Pros of Hardware RAID
Easy to set up – Most controllers have a menu driven wizard to guide you through building your array or even are automatically set up right out of the box.
Easy to replace disks – If a disk fails just pull it out and replace it with a new one.
Performance improvements (sometimes) – If you are running tremendously intense workloads or utilizing an underpowered CPU hardware raid can offer a performance improvement.
Cons of Hardware RAID
Proprietary – Minimal or complete lack of detailed hardware and software specifications.
On-Disk meta data can make it near impossible to recover data without a compatible RAID card – If your controller goes casters-up you’ll have to find a compatible model to replace it with, your disks won’t be useful without the controller. This is especially bad if working with a discontinued model that has failed after years of operation
Monitoring implementations are all over the road – Depending on the vendor and model the ability and interface to monitor the health and performance of your array varies greatly. Often you are tied to specific piece of software that the vendor provides.
Additional cost – Hardware RAID cards cost more than standard disk controllers. High end models can be very expensive.
Lack of standardization between controllers (configuration, management, etc)– The keystrokes and software that you use to manage and monitor one card likely won’t work on another.
Inflexible – Your ability to reshape, split and perform other maintenance on arrays varies tremendously with each card.
Pros of Software RAID
Hardware independent – RAID is implemented on the OS which keeps things consistent regardless of the hardware manufacturer.
Standardized RAID configuration (for each OS) – The management toolkit is OS specific rather than specific to each individual type of RAID card.
Standardized monitoring (for each OS) – Since the toolkit is consistent you can expect to monitor the health of each of your servers using the same methods.
Good performance – CPUs just keep getting faster and faster. Unless you are performing tremendous amounts of IO the extra cost just doesn’t seem worthwhile.
Very flexible – Software raid allows you to reconfigure your arrays in ways that I have not found possible with hardware controllers.
Cons of Software RAID
Need to learn the software RAID tool set for each OS. – These tools are often well documented but not as quick to get off the ground as their hardware counterparts.
Typically need to incorporate the RAID build into the OS install process. – Servers won’t come mirrored out of the box, you’ll need to make sure this happens yourself.
Slower performance than dedicated hardware – A high end dedicated RAID card will match or outperform software.
Additional load on CPU – RAID operations have to be calculated somewhere and in software this will run on your CPU instead of dedicated hardware. I have yet to see a real-world performance degradation introduced by this, however.
Disk replacement sometimes requires prep work-You typically should tell the software RAID system to stop using a disk before you yank it out of the system. I’ve seen systems panic when a failed disk was physically removed before being logically removed.

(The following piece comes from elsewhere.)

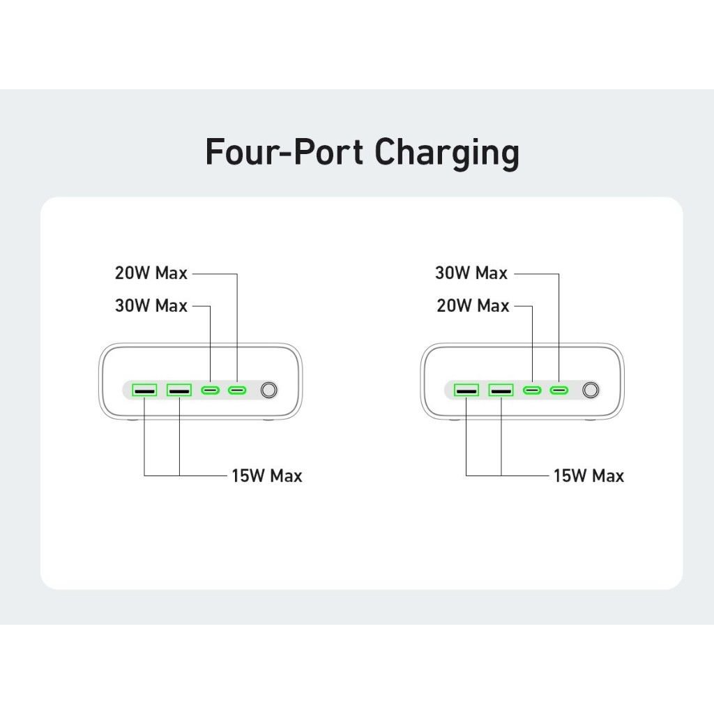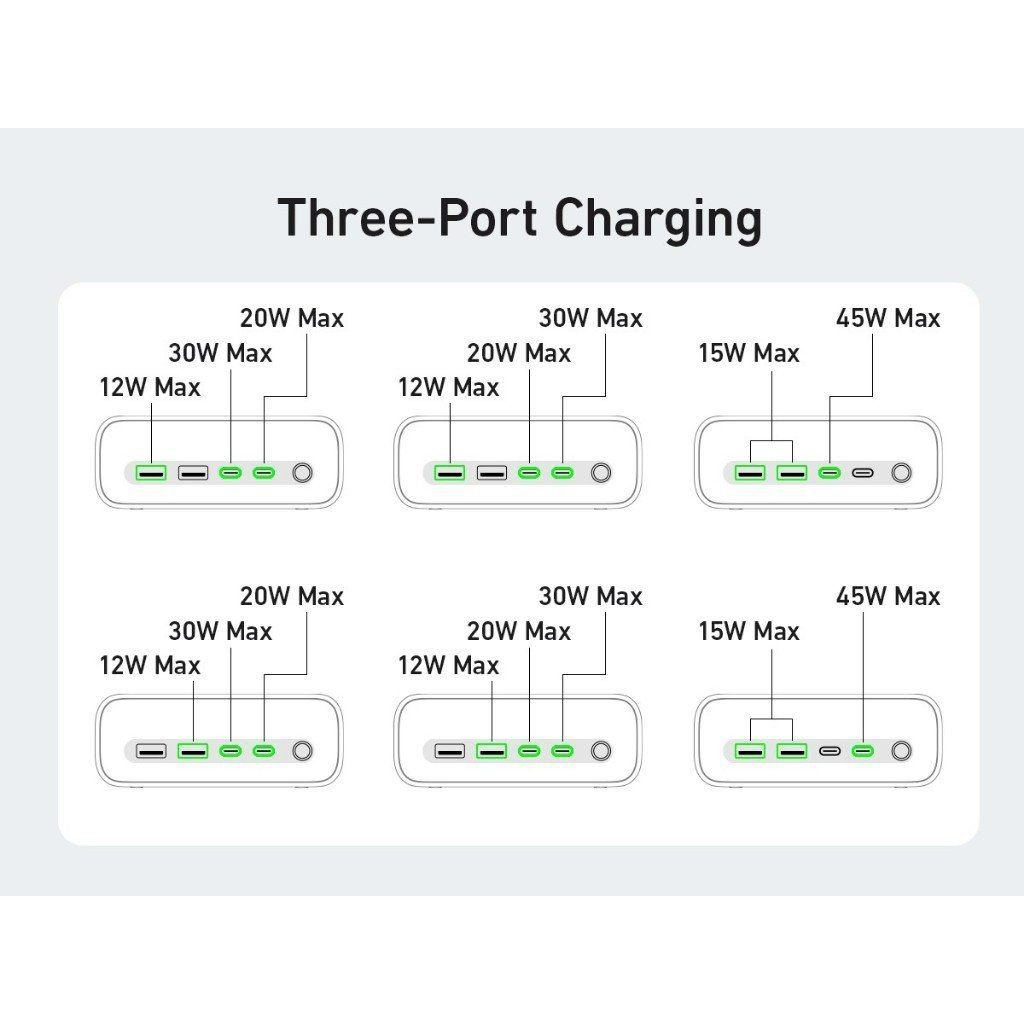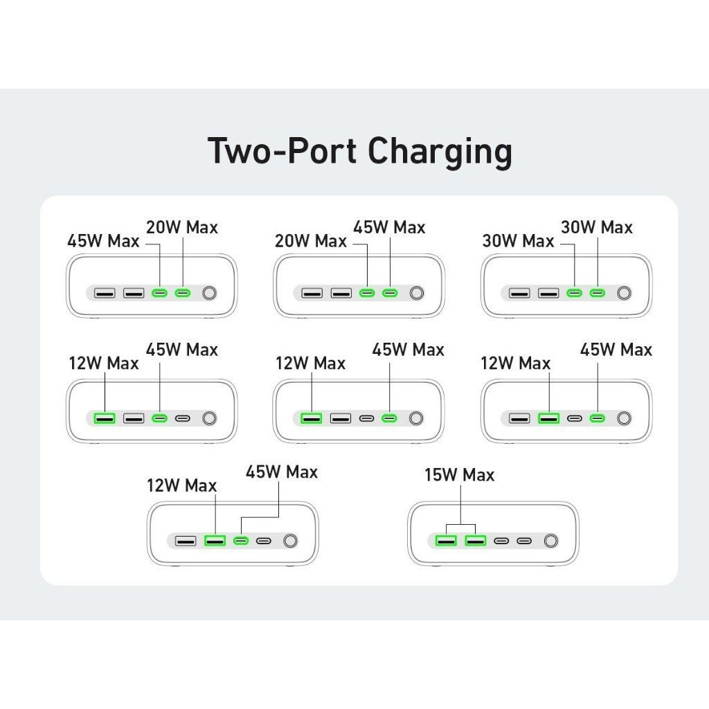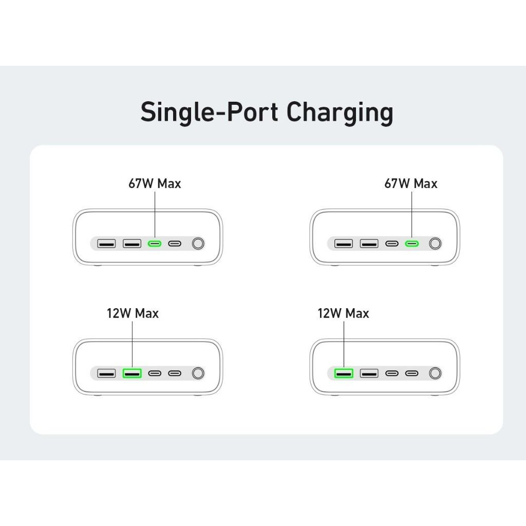 Trạm sạc này cung cấp tổng công suất lên đến 67W, đảm bảo khả năng sạc nhanh và ổn định cho nhiều loại thiết bị. Cổng USB-C hỗ trợ Power Delivery (PD) cho phép sạc nhanh laptop và các thiết bị USB-C tương thích khác.

So what do I make of all this?
I can certainly understand the argument of simple deployment and having a vendor to blame. But at the end of the day if you loose your data then it’s gone. No vendor will be able to bring it back. And what about manageability after initial deployment?
It seems to me that if you care about the integrity of your data and do not need ultra-intense IO performance then software RAID is a good choice. You’ll get the same core features as hardware with a standard management and monitoring suite. Additionally you are no longer bound to a specific piece of hardware. So in the event of a disk controller failure you could simply replace the controller (or the whole server) and the disks will remain usable. I also find it desirable that software raid will allow you to define the raid configuration during the installation process which when coupled with kickstart or a similar automated build process will allow you to ensure proper raid configuration and monitoring as soon as the server is brought online.
Considering these benefits, and my sour experiences with hardware RAID, I plan to deploy software RAID on a much wider scale from this point forward. But I’m curious…
Have others struggled with similar problems? How many people are running software RAID in an enterprise setting? And how many people have been similarly burned by software RAID?